I was trying to use masked image modeling in huggingface and I saw ViTForMaskedImageModeling
in the documentation but I did not understand how it reconstructs the original image loss, reconstructed_pixel_values = outputs.loss, outputs.reconstruction
also, it doesn’t reconstruct the original image correctly. It gives me noise.
url = "http://images.cocodataset.org/val2017/000000039769.jpg"
image = Image.open(requests.get(url, stream=True).raw)
image_processor = AutoImageProcessor.from_pretrained("google/vit-base-patch16-224-in21k")
model = ViTForMaskedImageModeling.from_pretrained("google/vit-base-patch16-224-in21k")
num_patches = (model.config.image_size // model.config.patch_size) ** 2
pixel_values = image_processor(images=image, return_tensors="pt").pixel_values
# create random boolean mask of shape (batch_size, num_patches)
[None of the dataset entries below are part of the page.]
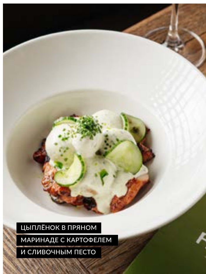
ЦЫПЛЁНОК В ПРЯНОМ МАРИНАДЕ С КАРТОФЕЛЕМ И СЛИВОЧНЫМ ПЕСТО
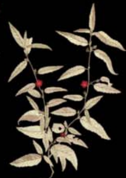
SIDA ACUTA (MALVA COLORADA)
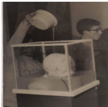
Ilustración 5. Cabeza de Lleras , Antonio Caro. 29

Lo anterior tan solo para mostrar dos casos de la más necesaria y causal actualidad del drama, que se ha repetido a través de todo nuestro relato nacional entre las posiciones más humanitarias y profundas asociadas a los objetivos de la sociedad abierta (y los sujetos que han encarnado esa posición: los artistas e intelectuales), y la pesada carga del tradicionalismo comprometido con las instituciones premodernas que son las fuerzas contraculturales que en países como Colombia, han logrado ser quienes dictan las formas culturales o “personalidad histórica”, como lo llamo el historiador Jaime Jaramillo Uribe, de lo que hemos llegado a ser y de nuestras expectativas latentes como comunidad.
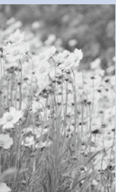
オオキンケイギク
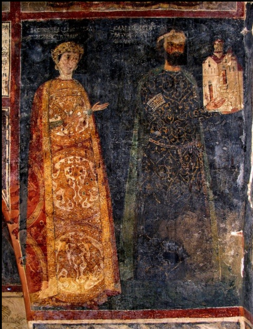
Sebastokrator Kaloyan und Prinzessin Desislava als Stifter der Bojana-Kirche, 1259. Bojana, Kirche der Hll. Nikolaus und Panteleimon.
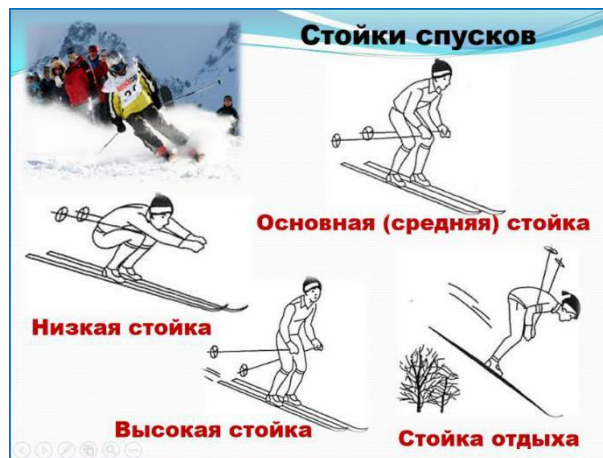
Рис.2 Оформление слайда с картинками и надписью
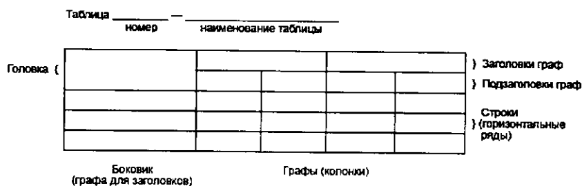
Рисунок 1 - Оформление таблицы

3.4. Таблицы, за исключением таблиц приложений, следует нумеровать арабскими цифрами сквозной нумерацией. Допускается нумеровать таблицы в пределах раздела при большом объеме монографии. В этом случае номер таблицы состоит из номера раздела и порядкового номера таблицы, разделенных точкой: Таблица 2.3 . Таблицы каждого приложения обозначают отдельной нумерацией арабскими цифрами с добавлением перед цифрой обозначения приложения: Таблица А.1 .
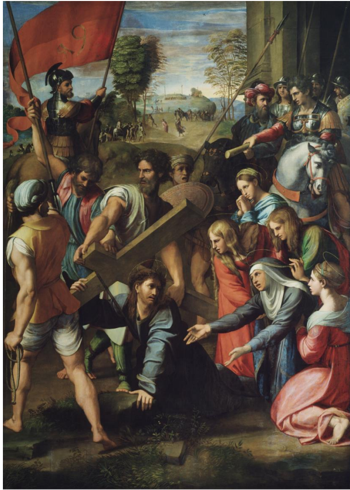
شكل ( ٣ )

للجميع كفنون عصر النهضة ، فقصص المسيح و المسيحية كديانة سماوية هي من محفوظات البشرية و التي لا يمكن أن تزول ، كما أن البناء الفني المدروس و الحالة الانفعالية و مهارة التصوير جعلت من تلك الأعمال خريطة للفن التشكيلي العالمي عبر العصور ، بينما الجمال كموضوع بطبيعته متغير و نسبي من مجتمع لآخر و من حقبة زمنية لآخري ، كذلك فكرة تجسيد الألهة التي اندثرت بوجود الديانات السماوية ، فتلك الفنون مثلت زوال الإلزام و دوام الالتزام ، فقد زال الألتزام الكنسي بالقواعد الصارمة و دام التزام الفنان بقدسية التعبير الديني و التزام المتلقي بتقبله و احترامه .
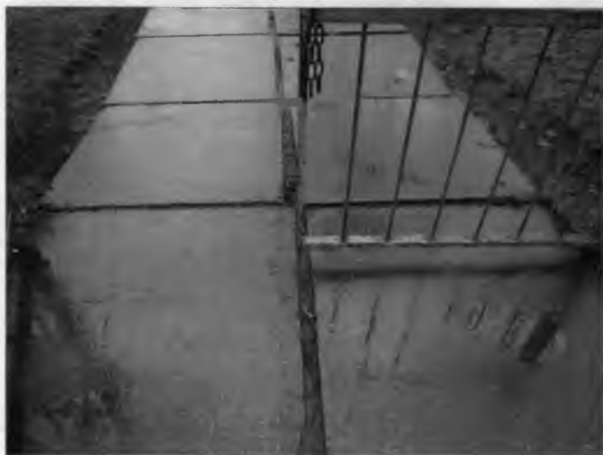
Фото №1 – Вход на прилегающую территорию
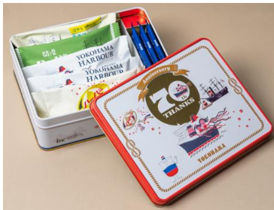
【横濱ハーバー70周年ありがとう記念缶】

本商品はハーバー誕生 70周年を記念し、エンボス仕上げの特別な缶に人気の5種を詰め合わせた特別版です。限定復活&昔の味わい・パッケージを再現した「復刻ハーバー」、定番の「横濱ハーバー ダブルマロン」、6月に新登場のオリジナルブレンド抹茶“万丈の蒼”を使用した「開港ハーバー 抹茶黒蜜」、特製アイスクリン餡に国産のゆずを組合せ、より夏にぴったりの爽やかな味わいに仕上げた夏季限定「馬車道アイスクリンハーバー ゆず」、さっくりと焼き上げたバター風味の香ばしいサブレ「横濱ベイブリッジサブレ」。記念缶には、70周年の記念ロゴと懐かしの気球のデザイン、柳原良平氏のイラスト、そしてこの春に誕生したありあけ初のマスコットキャラクター「ハーバーくん」をあしらいました。70年間に思いを馳せながら、横濱ハーバー定番の様々なお菓子の食べ比べを、ぜひお楽しみください。
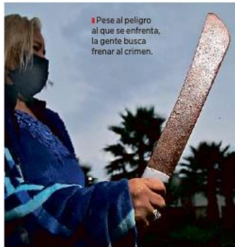
Pese al peligro al que se enfrenta, la gente busca frenar al crimen.

Caminan tranquilamente en toda la Etapa 1 y a su paso se suman los vecinos para tomar el camión. Sin embargo, el punto recurrente es alrededor del parque, porque tiene salidas a la Etapa 2 y la Etapa 4, que son las más conflictivas y donde, cuentan, los criminales atracan a los transeúntes
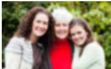
troebel zicht door cataract
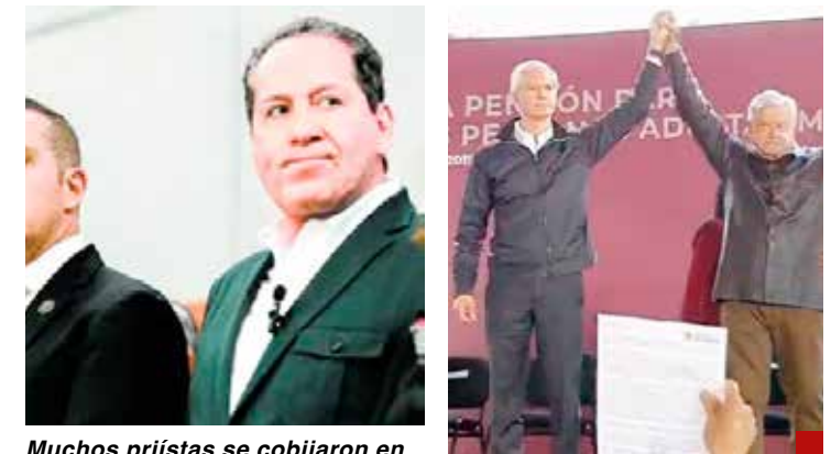
Muchos priistas se cobijaron en Morena para estar blindados.
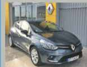
Renault Clio LIMITED 1.5 dci 90 cv 2017 18.790€
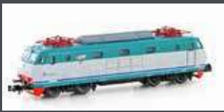
PI1205 E-LOK E444.056 FS, EP.V-VI, XMPR II
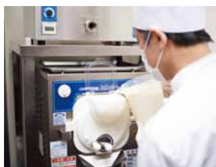
■ ジェラートマシンはキッチン奥にレイアウト

Total Kitchen SENDA Tel:06-6632-5851 (代)
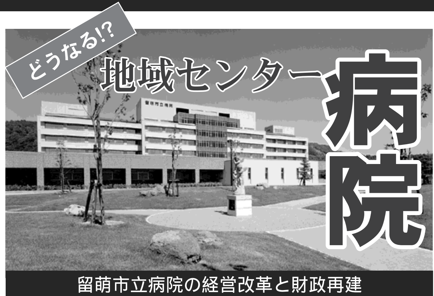
留萌市立病院の経営改革と財政再建

今のままの病院経営を続けると、毎年5~6億円の赤字が発生するため、たとえ、平成20年度に一般会計から病院会計へ特別に15億円の財政支援をしたとしても、平成22年度には、『財政再生団体』へ転落。
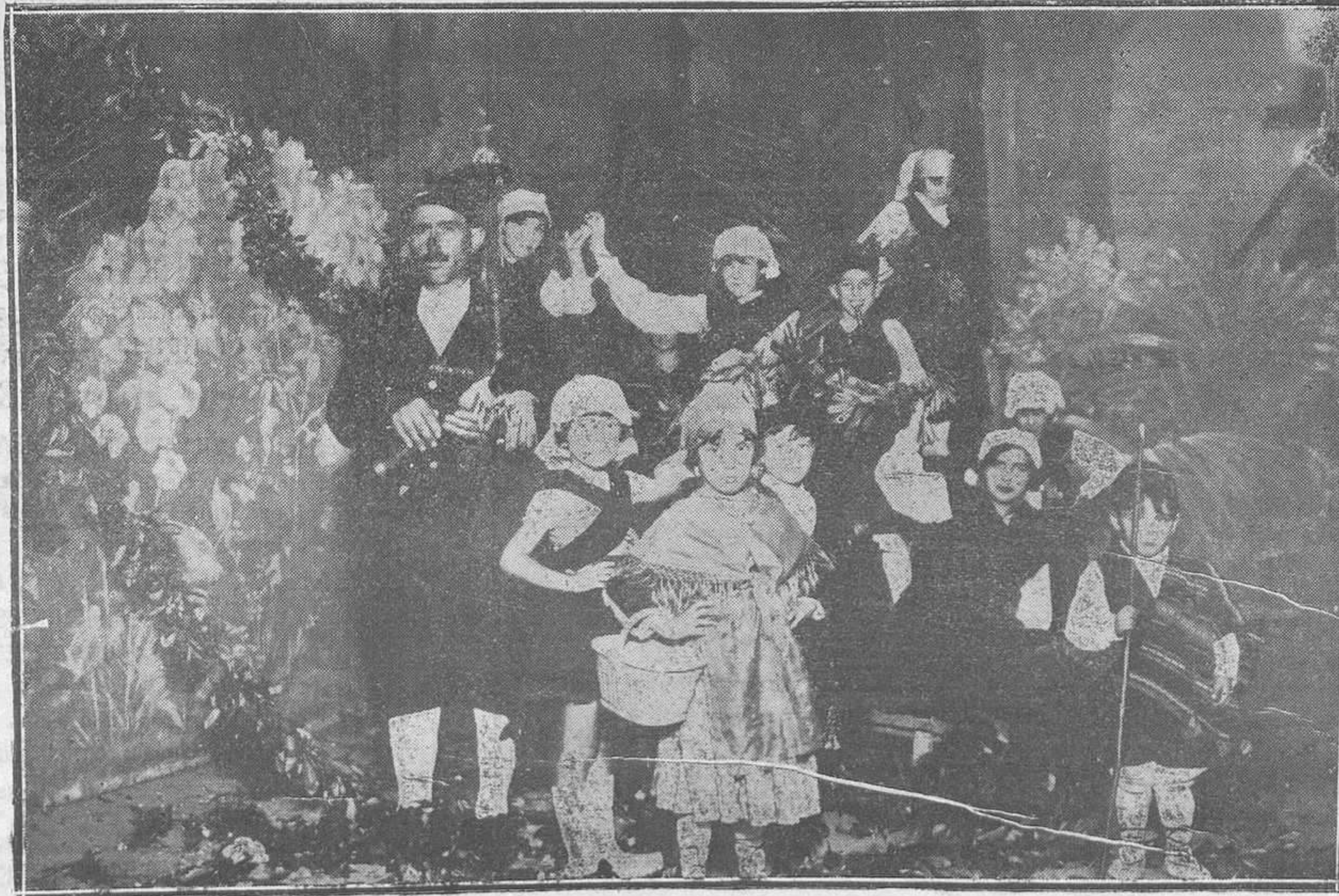
EN EL CAMPOAMOR.—Cuadro plástico "La Tierrina", que se presentó en el festival organizado el lunes.

La ponencia nombrada en la Asamblea del 11 de mayo terminó los estudios a ella encomendados y convoca a nueva Asamblea para el 15 del actual en el salón de la Diputación.

bool_masked_pos = torch.randint(low=0, high=2, size=(1, num_patches)).bool()
outputs = model(pixel_values, bool_masked_pos=bool_masked_pos)
loss, reconstructed_pixel_values = outputs.loss, outputs.reconstruction
reconstructed_pixel_values = reconstructed_pixel_values.detach().numpy()
reconstructed_pixel_values = np.transpose(reconstructed_pixel_values[0], (1, 2, 0))
plt.imshow(reconstructed_pixel_values)
plt.show()